I remember as a child my parents would “help out” at school. I really don’t recall them using the word volunteering, in those days they were just helping out. I believe that in the beginning, my “parent volunteers” started out as a way to quell my separation anxiety. Holding onto dad’s hand that first week of kindergarten gave me the security I needed to take the first steps toward independence. In actuality, dad was a yard duty volunteer in the morning, but to me, it meant that I would be able to spend ten more minutes with him before taking the walk into the classroom on my own.
The transition to first grade meant long days away from home. To help me cope, dad would come into my classroom each week, and sitting on a child’s size chair as we crowded around his feet, he would read to my friends and me. It was comforting and familiar, just like those nightly bedtime stories.

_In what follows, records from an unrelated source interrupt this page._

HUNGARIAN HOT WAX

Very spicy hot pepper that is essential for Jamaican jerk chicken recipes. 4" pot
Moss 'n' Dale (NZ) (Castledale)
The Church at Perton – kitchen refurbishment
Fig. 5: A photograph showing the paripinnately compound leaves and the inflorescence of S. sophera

Because my mother worked during the day and dad worked a night shift, it seemed natural to me when dad became the room parent! Mother would bake cookies after dinner and package them for dad and me to take to school the next morning, but having a dad as the room helper a special treat!
Fourth and fifth graders seemed to want their parents around less often, but having dad help with the SRA reading program meant he’d have a watchful eye on my progress in school. I recall him being so kind to some of the children who weren’t fast readers. I believe my friends didn’t feel the pressure from him as from their own parents.

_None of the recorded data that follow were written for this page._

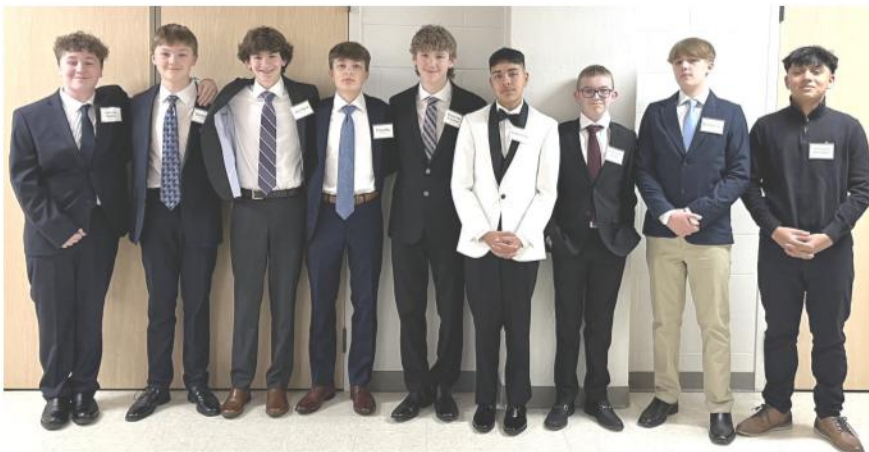
St Thomas the Apostle Confirmation Class of 2024
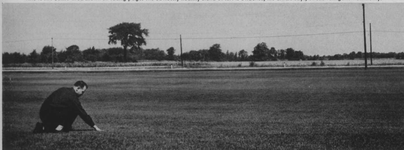
This is the same area shown on facing page. The obviously healthy stand of turf is evidence, the article says, of soil fumigation efficiency.
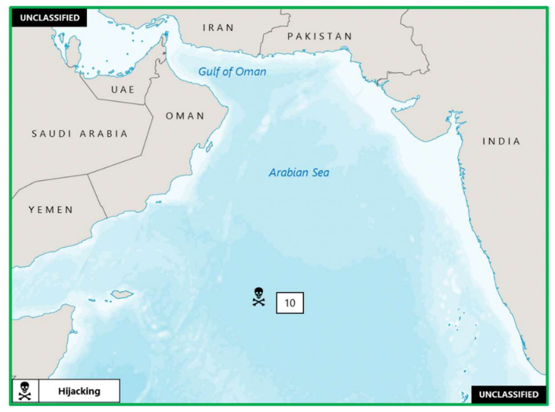
(U) Figure 2. Indian Ocean – East Africa Piracy and Armed Robbery at Sea

1. (U) RED SEA: On 19 December at 0530 UTC, four small boats with as many as five persons onboard each boat approached a vessel 80 NM northeast of Djibouti (exact location not specified). The master described the boats as blue and grey in color. The closest small boat approached to within 0.5 NM of the vessel before moving away. The
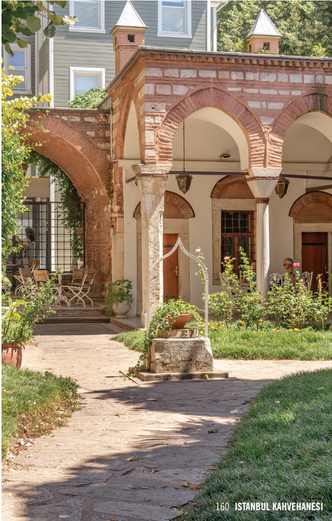
160 ISTANBUL KAHVEHANESİ
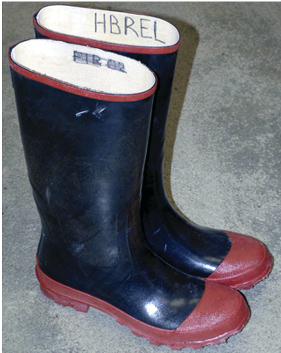
Figure 5. Rubber boots can be used for protection against pesticides.

Boots should provide foot and ankle protection for the PCO. Many PCOs use leather boots, but rubber boots may be better protection when using pesticides. Always check the pesticide label to verify for required PPE.
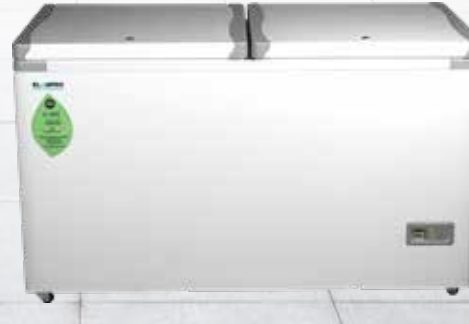
EF 335 DD
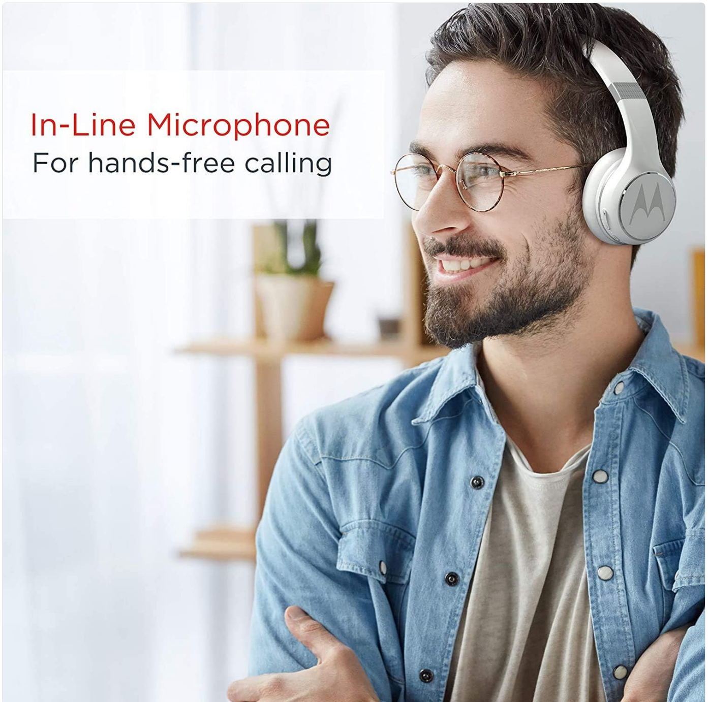
Image: A man smiling while wearing the Motorola Escape 220 headphones, emphasizing the convenience of the in-line microphone for hands-free calling.
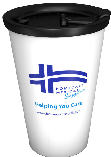
Homecare Medical Supplies

With the reusable Cups by ORNAMIN there are no limits to your creativity. They can be customised with an individual and dishwasher safe decor. Here are some examples of already realised projects. For more information go to www.ornamin.co.uk/references .
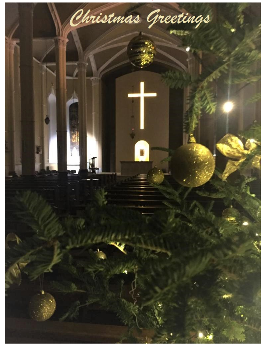
Wishing all our Parishioners a Very Happy And Peaceful Christmas
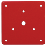
SHMP-R Adapter plate
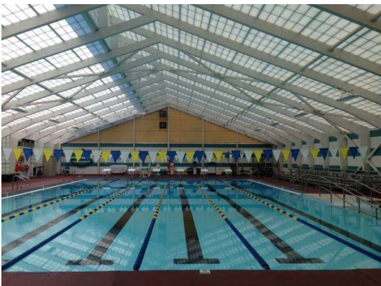
INDOOR POOL REOPENS WED OCT 5

HANOVER GARAGE PROJECT SCHEDULE – The contractor continues to install panels to reduce noise and dust. Noise expected from concrete sawcut and demolition thru Oct 14. Column demolition Oct 6 & 7. Work takes place between 8 am and 5 pm, Mon-Fri. Subscribe to the weekly emails and submit questions on the Hanover Garage Project page. https://tinyurl.com/5n85cuiv HANOVER GARAGE FAQs: Q. What is the work schedule for the project? A. Construction schedule updated weekly: https://tinyurl.com/uv9mcbs2
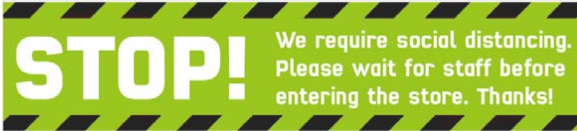
12" x 3" STOP Graphic
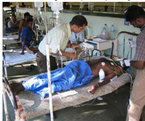
Clinical management of pesticide poisoning
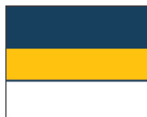
Pattern 9 (3-color)
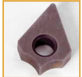
Special Form Insert
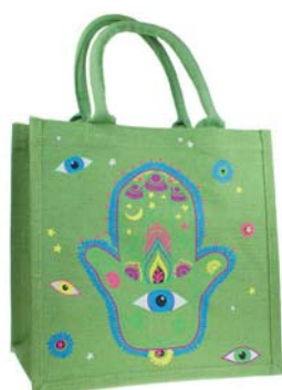
EA1903 hamsa hand

There are so many best-sellers in this range that you can't go wrong- all created by our in-house designers and unique to us.
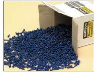
Bulk packaging available for large-volume applications
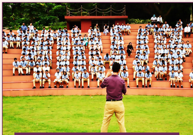
Doon International Riverside campus
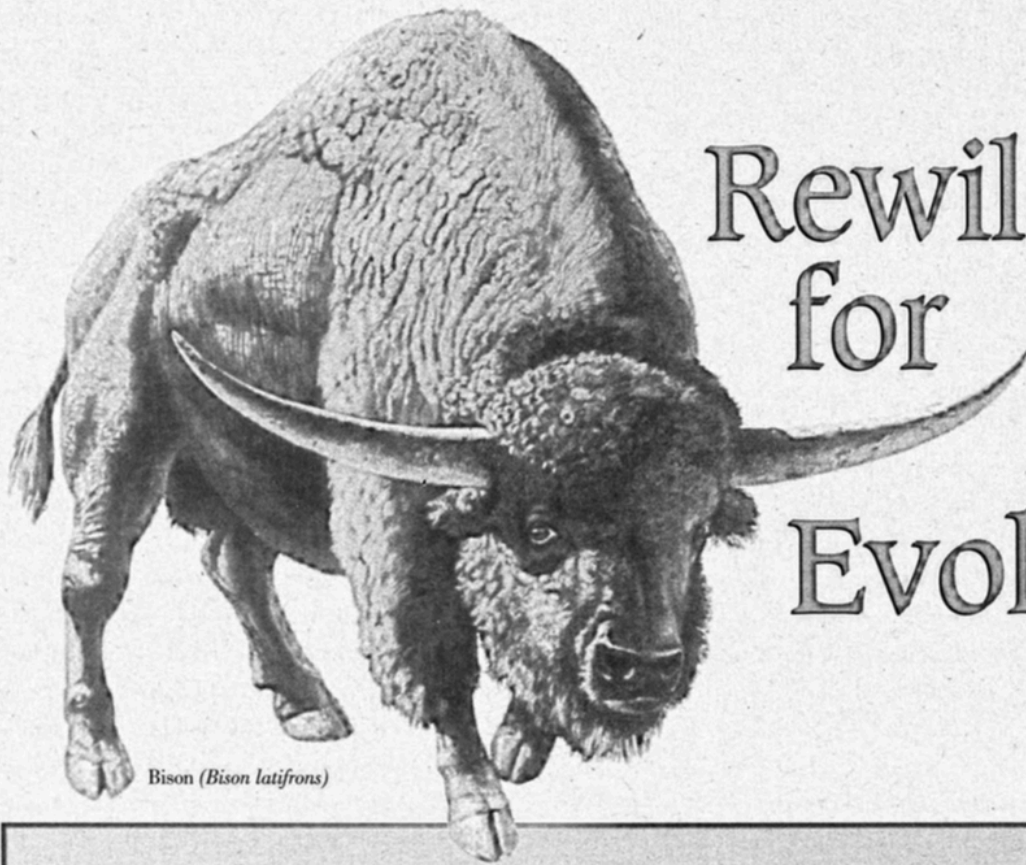
Bison ( Bison latifrons )

In middle school my parents wanted to help out more in school; I wanted them around less. So the subtleties of parental involvement came into play. Because I was a “joiner,” there were school plays, talent shows, poetry memorization contests and pre-teen jeopardy. With each of the extracurricular activities, parent volunteers were needed. What I learned in the process was that my mother and dad were great to have around behind the scenes; helping with set designs, costume fixes and even as judges!
The distance grew between my parents and me. I was a teenager and the last thing I wanted was to see my mother or dad on my high school campus. And yet, having my mother involved in the parent teacher association or seeing my dad selling cookies and drinks at the snack bar to raise funds for school sports meant more to me than I ever let on.
My parents had this simple philosophy: “There are so many wonderful things that will never get done if we don’t take the time to do them.” I am grateful that they were just helping out!